Who doesn't love fresh corn on the cob? We sure do, and every summer we can't wait for it to go on sale so we can put some away for later in the year, when it isn't available. Right now, Yokes has Yakima Valley sweet corn on sale 4 for $1.00 so I bought 20 ears, a few to eat now, and some for later. I would have purchased more, but I was chatting with one of the produce guys and he said that the Spokane Valley corn will be coming in real soon and that it will probably be a little cheaper so I decided to wait for it before buying more.

Freezing corn is so easy, just like freezing Green Beans. I start by schucking the corn. Then I wash it in the sink under cool water with a clean wash cloth to get the little silks off.

I have read that some people freeze corn whole in the husk, but Im not so sure about that. I like to make sure the corn is as fresh as possible and you have to look at it to do that. Once they are clean, trim off the tips and any spots that are bruised or look iffy. I cut the cobs in half as well.

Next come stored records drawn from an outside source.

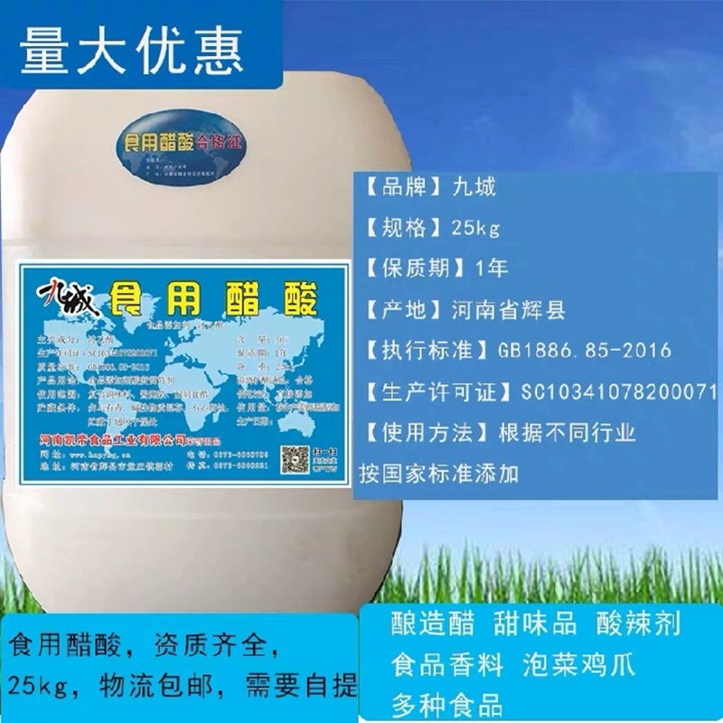 冰醋酸食品级99.8%浓度食品级冰乙酸醋酸鱼池除碱泡菜消毒50斤 - 升格生物连锁店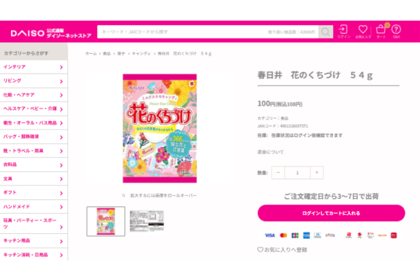 また、ダイソーネットストアでは花のくちづけの取り扱いが確認されています。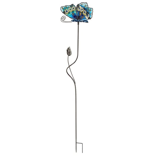 Enhance your garden with the elegant blue glass butterfly garden stake.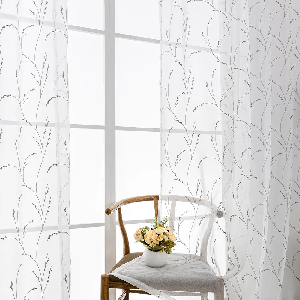 Современные прозрачные Занавески с вышивкой в виде листьев для гост...
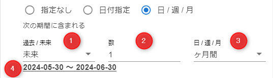 項目 入力内容 過去 / 未来 未来 数 1 日 / 週 / 月 ヶ月間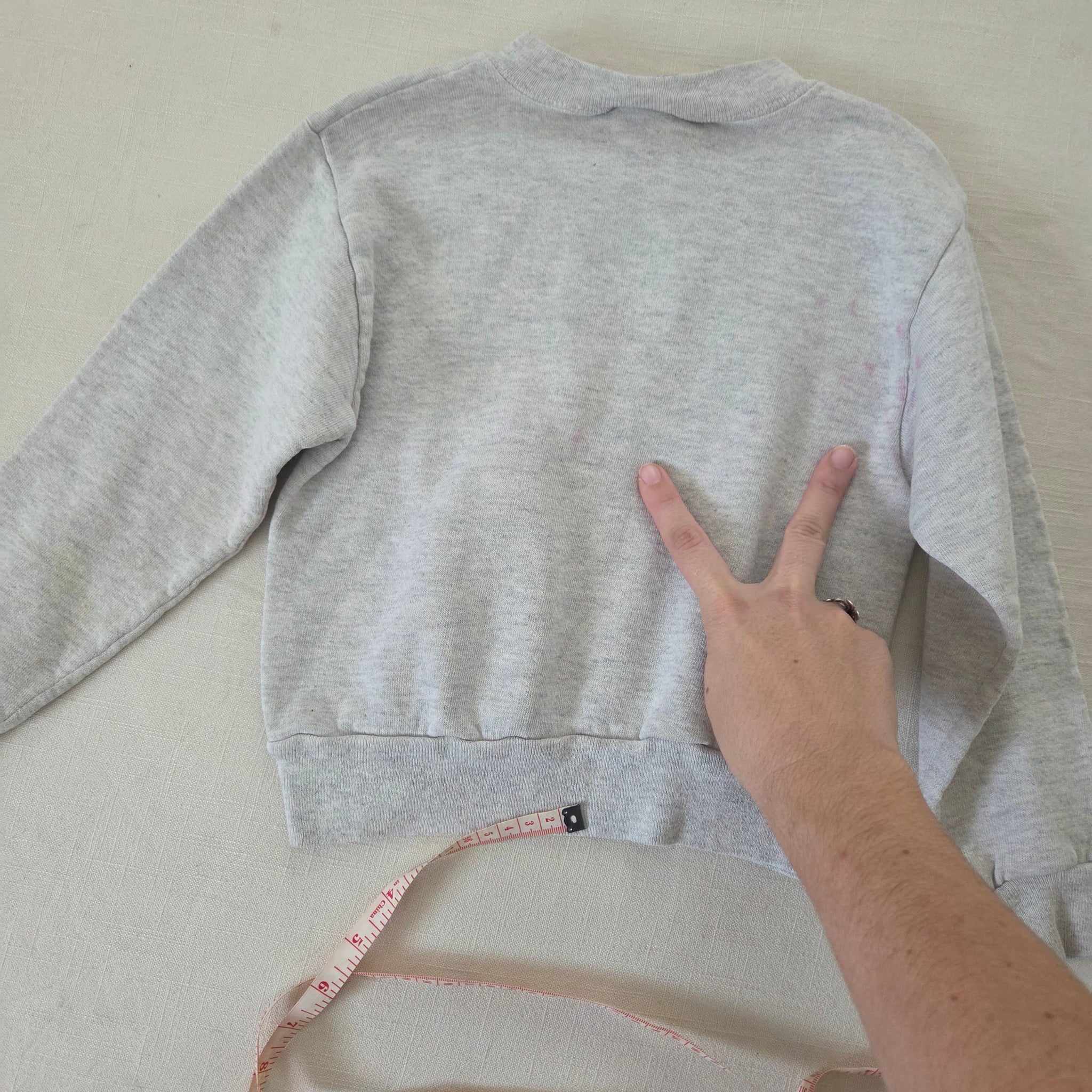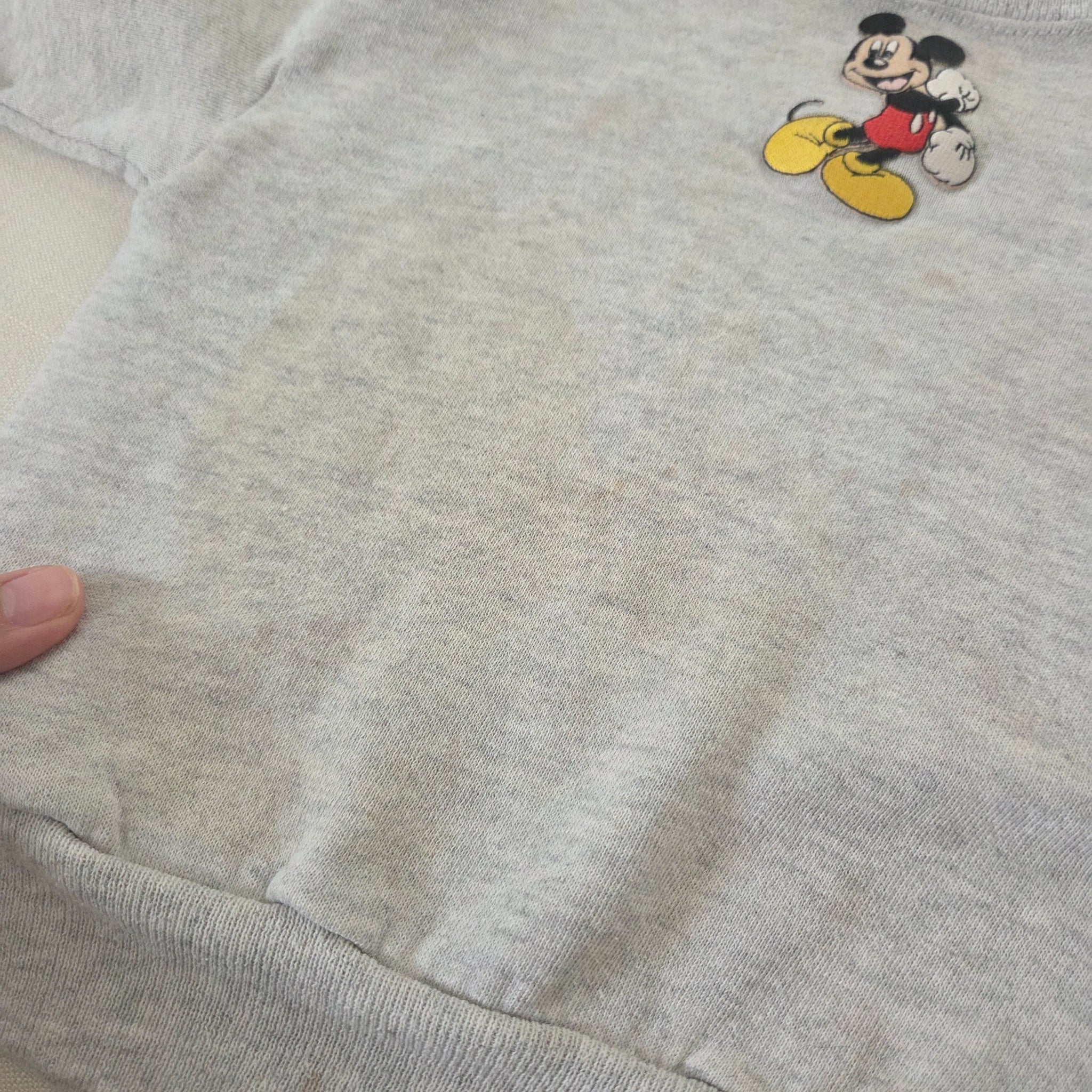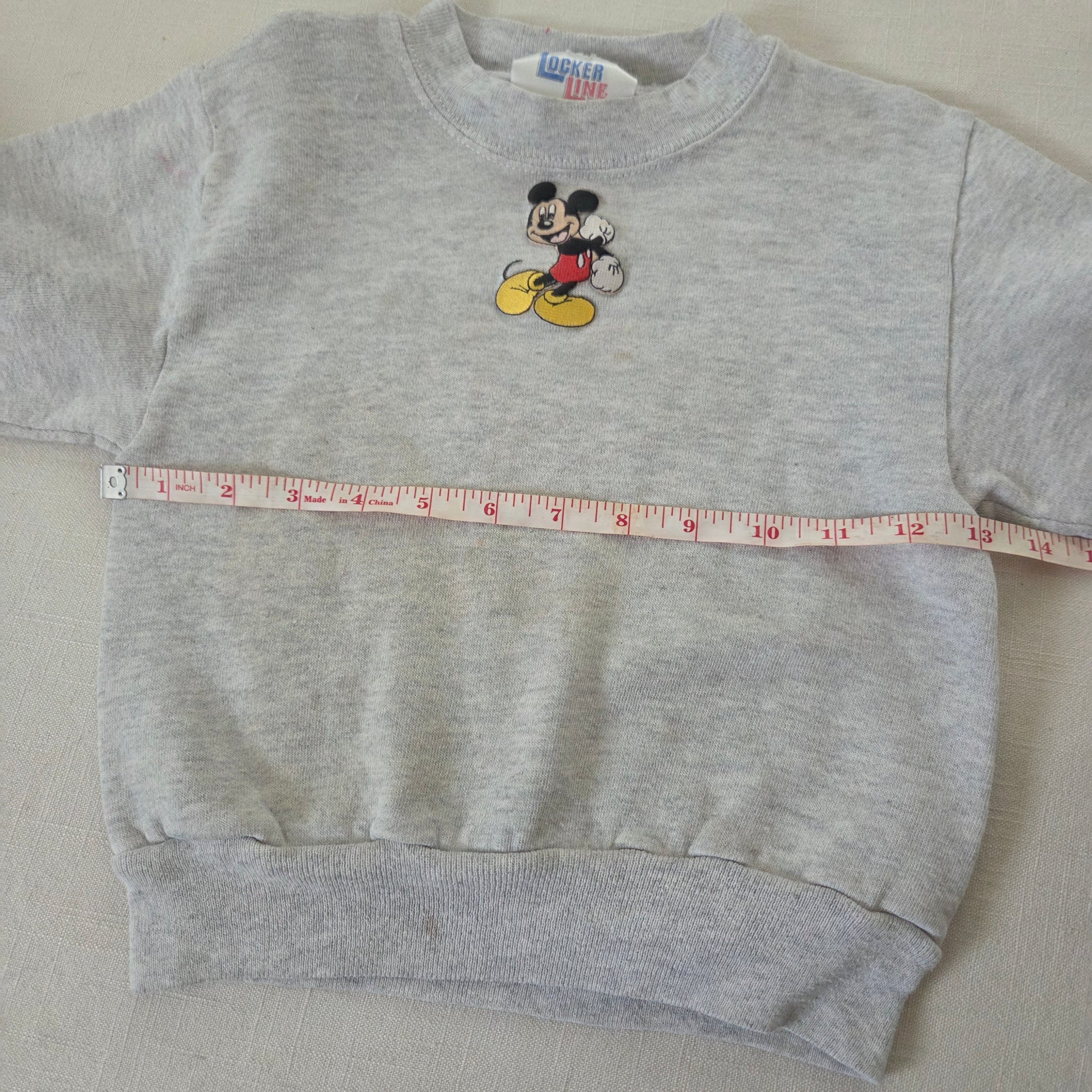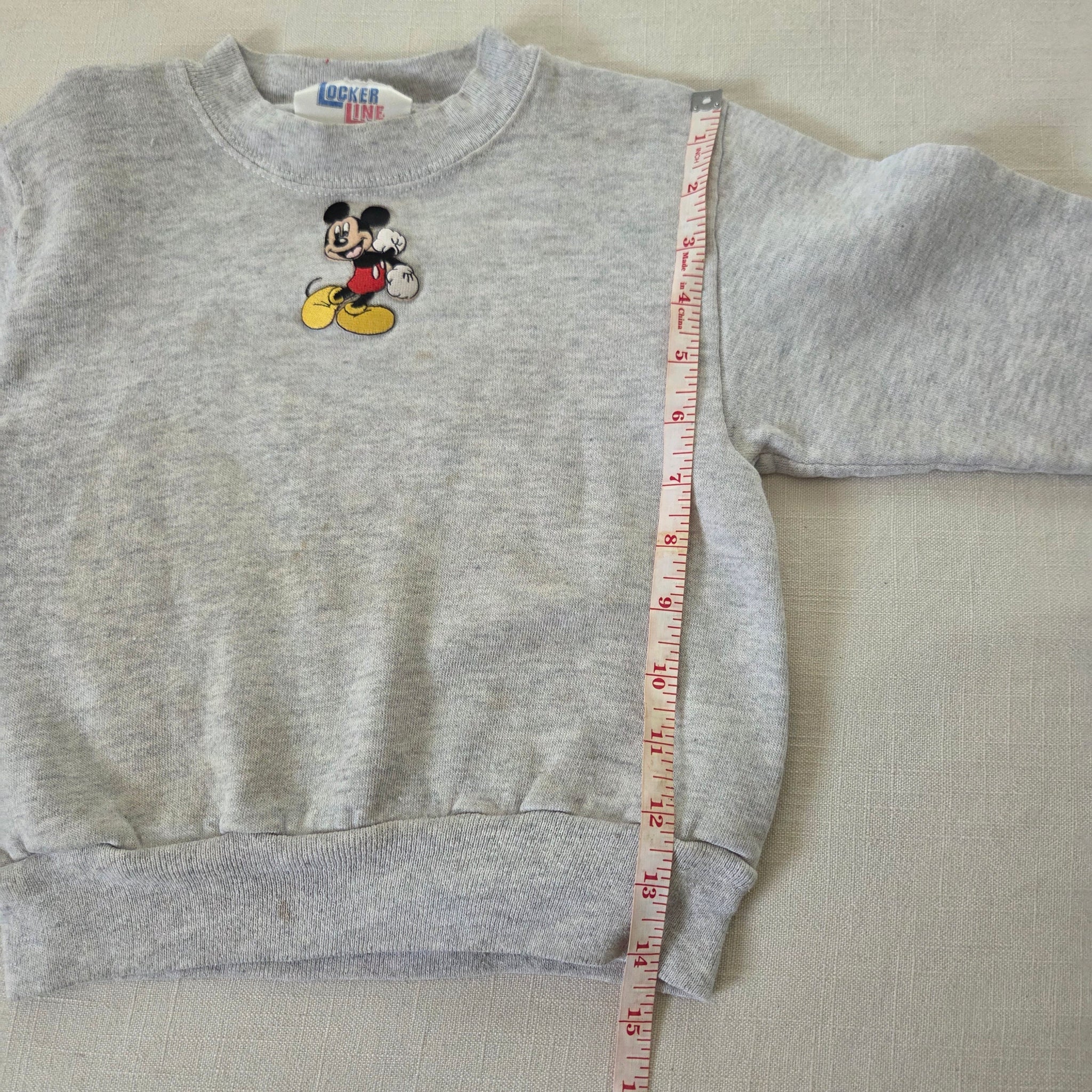 Vintage 90s Locker Line gray pullover sweatshirt with a Mickey Mouse patch! Note two spots on the back. Please see all photos for condition and details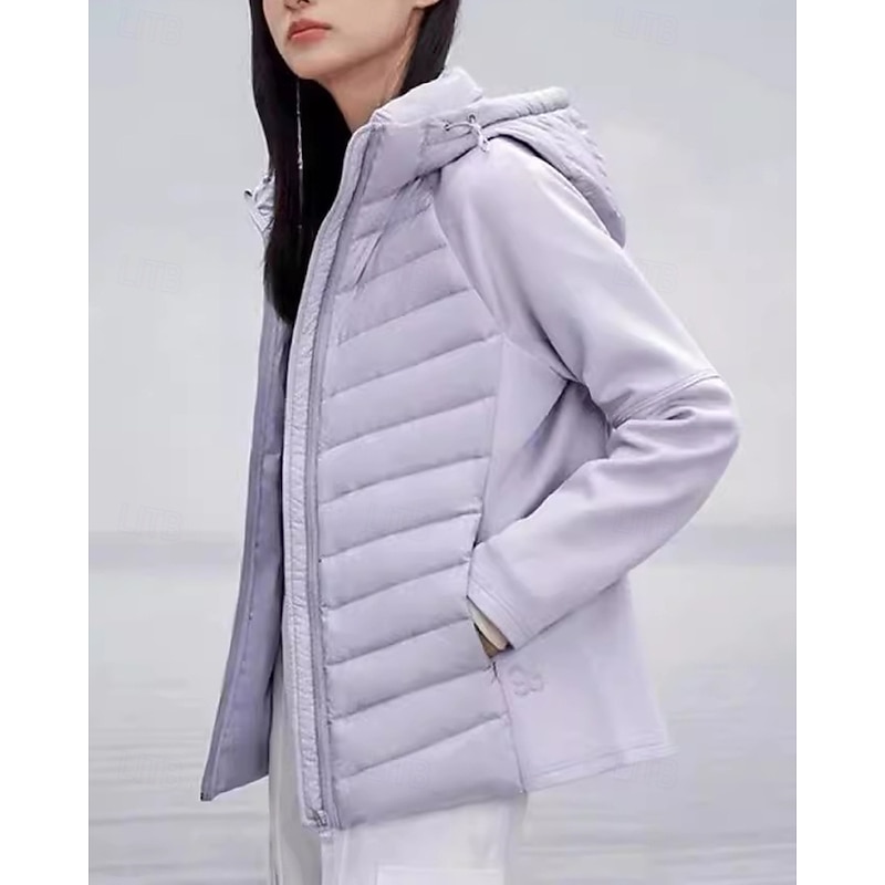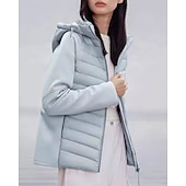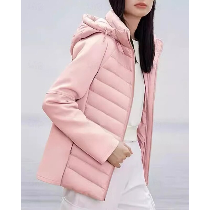 More information about Women's Puffer Jacket outdoor coat Full Zip Hooded Long Sleeve Top Athleisure Solid Colored Windproof Lightweight Warm Athletic Sports Track Sportswear Activewear Black White Pink

At this point, they are ready to be blanched. Again, from what I have read this is "optional". I still do it, blanching deactivates enzimes that would otherwise break down the nutritional value and flavor, it sets the sugars and the color. Get out your biggest pot and fill it with water, once it gets to a rolling boil, add a bit of salt. I have used Kosher Salt in the past, but this year I used the purified salt that I had purchased for canning the beets. I was really impressed with it when I was freezing green beans, it seems to really brighten up the veggies and it doesn't leave such a big salty crust in the pan.

In blanching corn, you are essencially cooking it twice, which can - if over done- make the skins tough and the corn mushy. Depending on the size of the ears, the time it spends in boiling water will vary from 5 to 10 minutes. My rule of thumb is once I smell it cooking, I take it out. Periodically, like every 3 or 4 batches, you will need to add more water and salt or even change the water out if your doing alot of corn. Once you take it out of the boiling water, drop it immediately into an ice water bath.

Look at how bright the corn is! Now, it takes alot of ice to cool the corn down. For some reason, it seems to heat up faster then it cools off, so if you don't have an ice maker you might consider buying a couple bags of ice as you will need to add more during the ice bath process. Leave the corn in the ice water for atleast twice as long as you blanched it for, insuring that it is completely cool through the cob.

Once the corn has been completely chilled in the ice bath, let it sit on some paper towels, or a clean bath towel, to dry just a bit. Then your ready to bag it up. I have a food sealer, but you can also wrap the ears separately in cling wrap and bag them up in a gallon size Freezer bag.

And there you have it! Home frozen corn on the cob is sooo much better then what you can buy at the store. The stuff in the freezer at the store has been injected with sugar and salt and its extremely over-priced (IMHO). So, if you got a bit of space in your freezer, a big pot and some freezer bags then you have everything you need.